The Hopper-Walken School for Eggplant Studies (phanatic) wrote in ljcarclub,
The Hopper-Walken School for Eggplant Studies
phanatic
ljcarclub

Dilemma

My daily driver car (in fact, my only car), is an '06 Mustang GT. I like it a lot. Okay, it's not the best-handling car, but at this point about 90% of my driving is on extended stretches of highway.

The '06 model year is from a sort of audio no-man's-land. It doesn't have a cassette player, because those were dead tech at the time. But it also doesn't have an auxiliary input jack, because not everybody in the entire world owned an mp3 player yet.

Here's the problem. I got the upgraded interior option with the fancier Shaker 500 stereo. But I'm still listening to the iPod over an FM adapter, which sort of sucks. The thing works okay, but the signal is so attenuated that the volume levels are really knocked back. If you turn up the volume even halfway if you're listening to a CD, it'll blast your ears off. But if you're listening to the transceiver's FM output, if you're on the highway with the windows down you can barely hear the thing over the wind roar even at full volume. It's pathetic.

So I have a few options, listed with their pros and cons.

1. The head unit has an auxiliary input, but it's not what you think, it's not a 1/8" jack in the front panel. It's a big multipin connector that's essentially a data bus for Ford vehicles. If you have a Ford head unit and you have factory satellite radio or seatback DVD players or any of that crap, it's the control interface for those. There are companies that make interface patch boxes that let you add either an aux input that'll take anything you can plug in as an audio connection, or dedicated iPod interface boxes that'll even let you control the iPod with the factory head unit.

Pros: Probably the cheapest way to go, abougt $75-100 for the adapter, maybe another 20 or so for wiring harnesses.

Cons: The ones that are iPod-specific seem to require disconnecting the factory 6-disc changer, so I'd be sacrificing functionality in exchange for the functionality I want. The ones that aren't iPod-specific won't charge the iPod, so it'll still have to sit there in the 12v-adapter cradle, with a cord running from it into the glove box.
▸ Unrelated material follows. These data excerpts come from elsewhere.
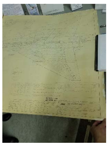
and many more.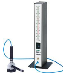
Air Gauges And Displays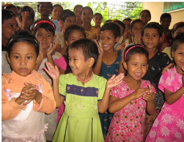
'Spreading Sunshine' Project: Caring and sharing with the marginalized, sharing a happy moment with the less privileged children in an institution for girls.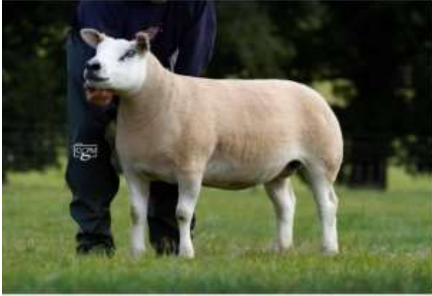
Top price Loosebeare Ewe 2020 at 5,000gns

We are delighted to offer 30 shearling ewes to this – our fourth Production Sale. I am sure the ewes on sale offer something to both new breeders starting & expanding flocks and to those looking for something special to flush.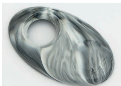
Fig. 2. Not only flat molded parts but also attractive three-dimensional articles can be produced with a marbling effect. Correct dosing and the combination of "contrast" batches and coloring component during production are also important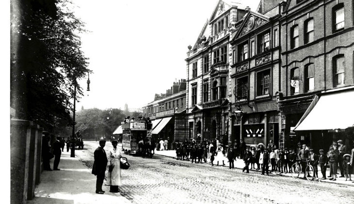
Fig 11: Kings Hall and Baths 1905

Hackney Police Station at 2 Lower Clapton Road was designed by John Dixon-Butler and built in 1904 for the Metropolitan Police. It includes offices, cells and section house. It closed in 2013.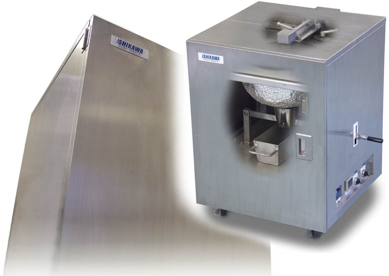
Solder Dross Separator Fine 105-RS

Compared to conventional solder (Sn-Pb), the formation of oxidized material is double compared to lead-free solder. Solder dross can be separated by Fine 105-RS and recycled solder, and can reduce material costs.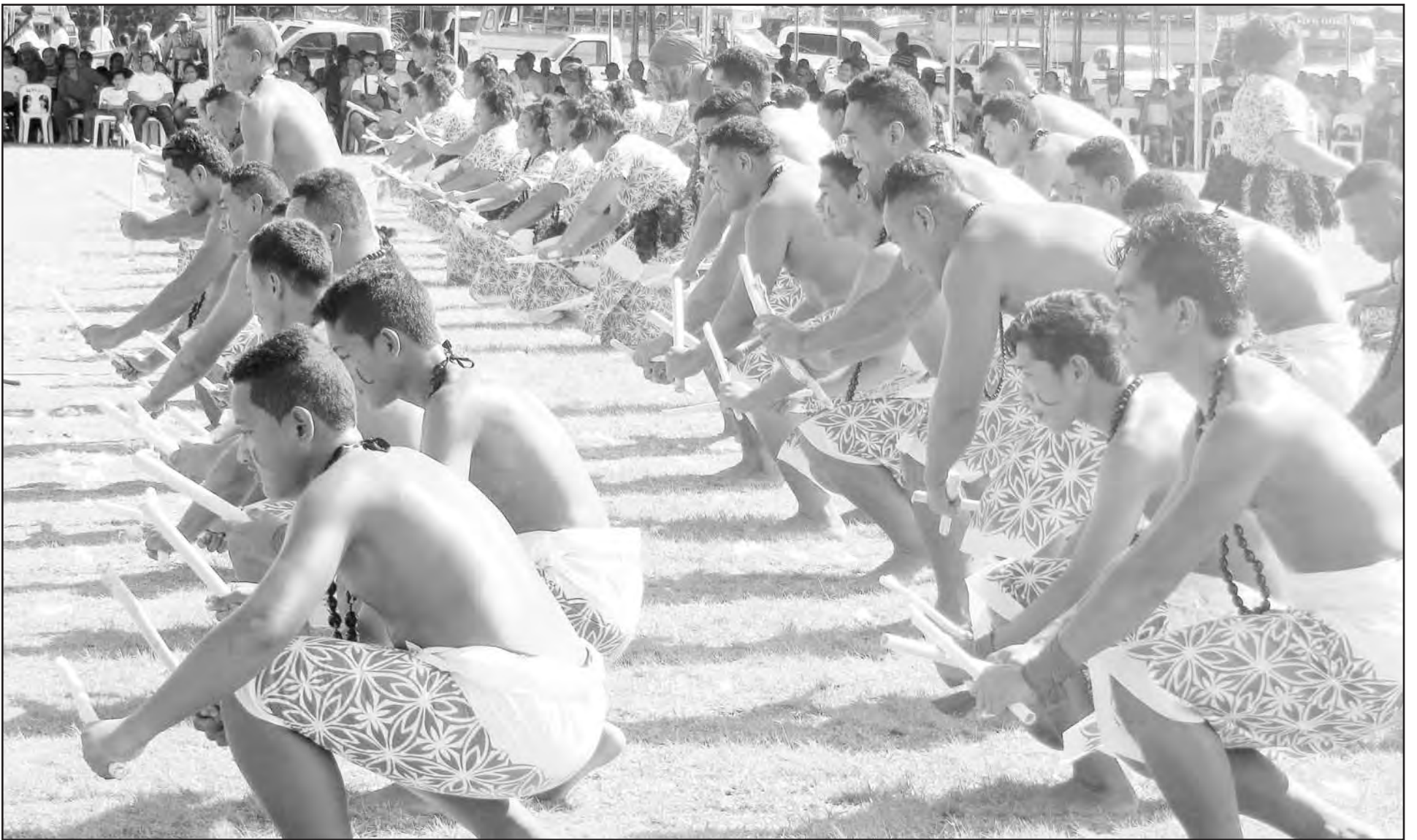
O se vaaiga i tama o le au siva mai Sapunaoa i Samoa fa'afiafia i le sisigafu'a o lenei tausaga i le aso Gafua.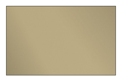
Anodized Look C2 Gold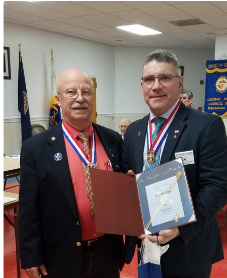
November SK of the Month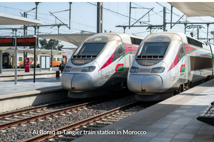
Al Boraq in Tangier train station in Morocco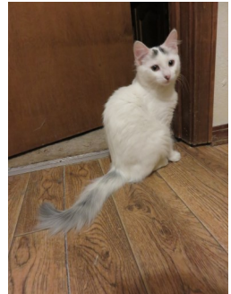
Panda, one of the youngest cats we helped this year.

ship, food and litter to your forever foster. If something happens in your life and you are no longer able to continue being a forever foster, we take the cat back. If that sounds like something you would be interested in, give us a call at 505-220-3528 or cats@g.com for more information.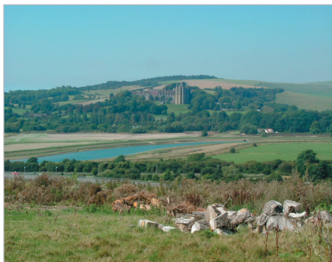
The gothic chapel of Lancing College is located at the southern end of the valley and forms a prominent landmark.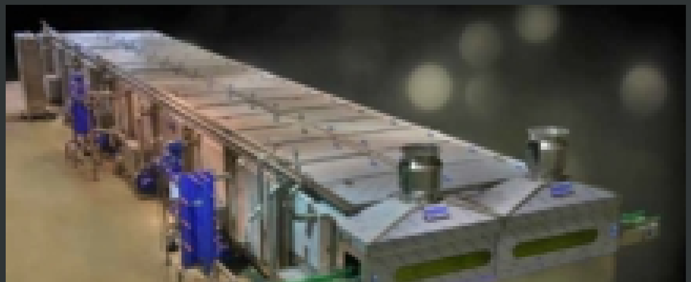
4 PASTEURIZATION/COOLING TUNNEL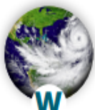
W is for Weather Forecaster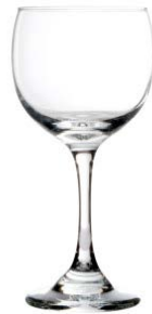
B'CLASS WINE GLASS Size: 26cl Code: TASE-014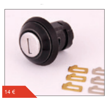
CYLINDER BODY KIT (1-KEY OPERATION) 08885-HAC-P10

Required for 35L top box; cylinder body kit for 1-key operation. To be combined with cylinder inner kit (08885-HAC-POÓ).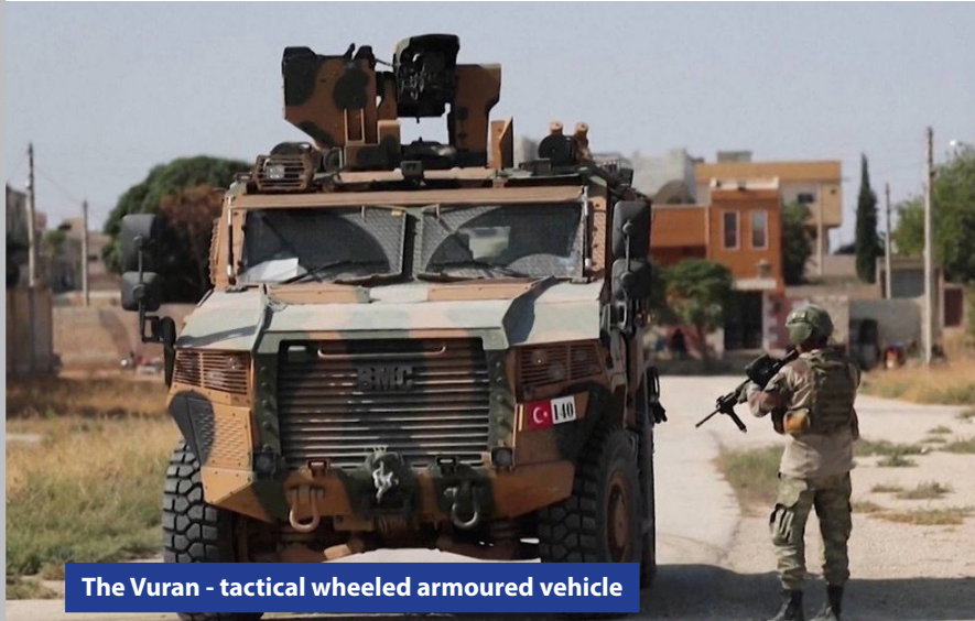
The Vuran - tactical wheeled armored vehicle

Entirely designed by BMC in Türkiye, the vehicle features a robust and sturdy structure, standing at a height of 3.2 meters. Its armor complies with STANAG 4569 Level 3 (MRAP) standards.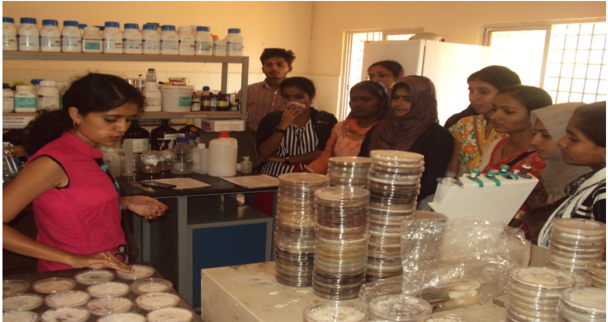
In Ecobiotechnology Lab.

Which I guess isn't a big deal.

2. Next time I've got the car in for service, see if they can sell me a newer OEM head.

Pros: Probably the easiest way to go. Quick swap of head units, and I've got the aux input.
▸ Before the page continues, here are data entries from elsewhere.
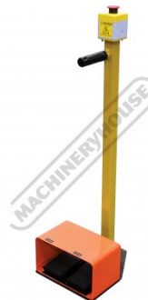
Foot Control Emergency Stop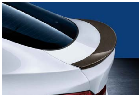
BMW Carbon Fibre rear spoiler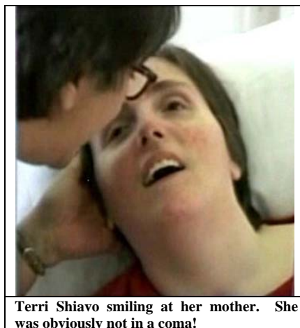
Terri Shiavo smiling at her mother. She was obviously not in a coma!

Because President Bush showed compassion in wanting to spare her, the Democrats went out of their minds in wanting her to die. As surely as the sun rises tomorrow, the guilty will be judged by the same yardstick, the very measure they used in killing the innocent. This particular case of Terri Shiavo got worldwide coverage. People were stunned at the brutal lack of humanity and decency by people who feigned outrage over the Abu Ghraib prison affair, yet chose to starve to death a conscious and helpless woman. These same hypocrites howl and rage over the rights of Moslem murderers in Guantonomo, but happily starve to death one of their own. Surely the fruits show them for what they are!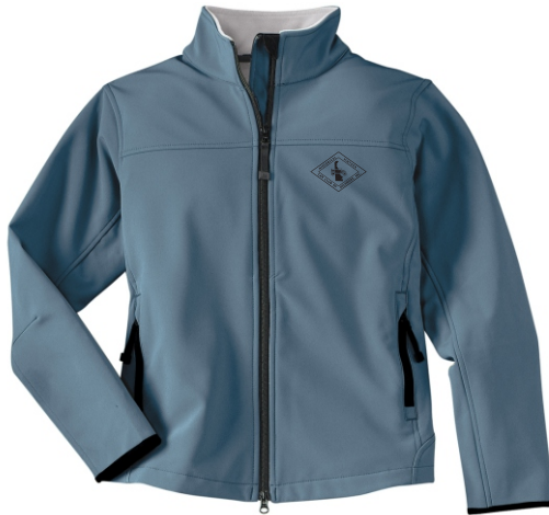
Atlantic Blue / Chrome

One of our most popular jackets, the Glacier ® is constructed from a polyester stretch woven shell, which is then bonded to polyester microfleece with an added laminate film insert to repel water. The result is a wind-resistant, water-resistant jacket with stretch that's perfect for corporate or weekend wear.

Cons: More expensive. Maybe something like several hundred bucks, judging by ebay. Maybe more buying a new one from Ford, instead of a used one that someone pried out of his dash without really giving a shit about because he was sticking a Kenwood in there instead. That's a lot to spend on what is still a fairly mediocre head unit.

3. Replace the head unit.

Pro: Probably the most effective way to go.
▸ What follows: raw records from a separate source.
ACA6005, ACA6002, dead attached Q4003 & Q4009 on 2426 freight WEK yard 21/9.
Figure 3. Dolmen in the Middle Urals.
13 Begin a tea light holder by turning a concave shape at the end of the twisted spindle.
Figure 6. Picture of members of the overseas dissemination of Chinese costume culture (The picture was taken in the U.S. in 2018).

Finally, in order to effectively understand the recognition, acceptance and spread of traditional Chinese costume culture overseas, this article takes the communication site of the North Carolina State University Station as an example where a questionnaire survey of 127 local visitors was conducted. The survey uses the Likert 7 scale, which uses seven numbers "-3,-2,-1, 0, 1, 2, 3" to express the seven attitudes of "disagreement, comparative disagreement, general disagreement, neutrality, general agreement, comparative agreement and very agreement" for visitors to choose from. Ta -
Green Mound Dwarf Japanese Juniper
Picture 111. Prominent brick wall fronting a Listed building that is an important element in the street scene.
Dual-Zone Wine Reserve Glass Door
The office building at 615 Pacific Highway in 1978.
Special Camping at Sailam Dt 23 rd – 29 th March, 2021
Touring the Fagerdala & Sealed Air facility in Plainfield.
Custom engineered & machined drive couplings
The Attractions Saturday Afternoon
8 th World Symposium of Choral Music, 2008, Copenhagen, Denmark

Cons: Probably the most expensive, too. Also, tricky. Don't want to give up the CD changer, so that limits what I can put in there. I'd like it to be the same size, since I don't want some ugly adapter cradle looking at me. Then there's the problem that actual specs on this factory head don't seem to exist, anywhere. Ford claims 500 watts, but that's a bullshit manufacturer spec. Not only is that peak power rather than RMS, it's also the sum of all the channels, not per channel. And all the channels aren't equal; there are two subs, and I'm sure they get more power than the tweeters do. So how the hell do I pick a head unit that won't blow the factory speakers? Replacing those as well is getting into a ridiculous level of expense just to get an auxiliary input I can hook my iPod up to.


I don't know what the hell I want to do. Opinions are appreciated, particularly from people who have replaced the head unit on their Mustang GT and kept the factory speakers.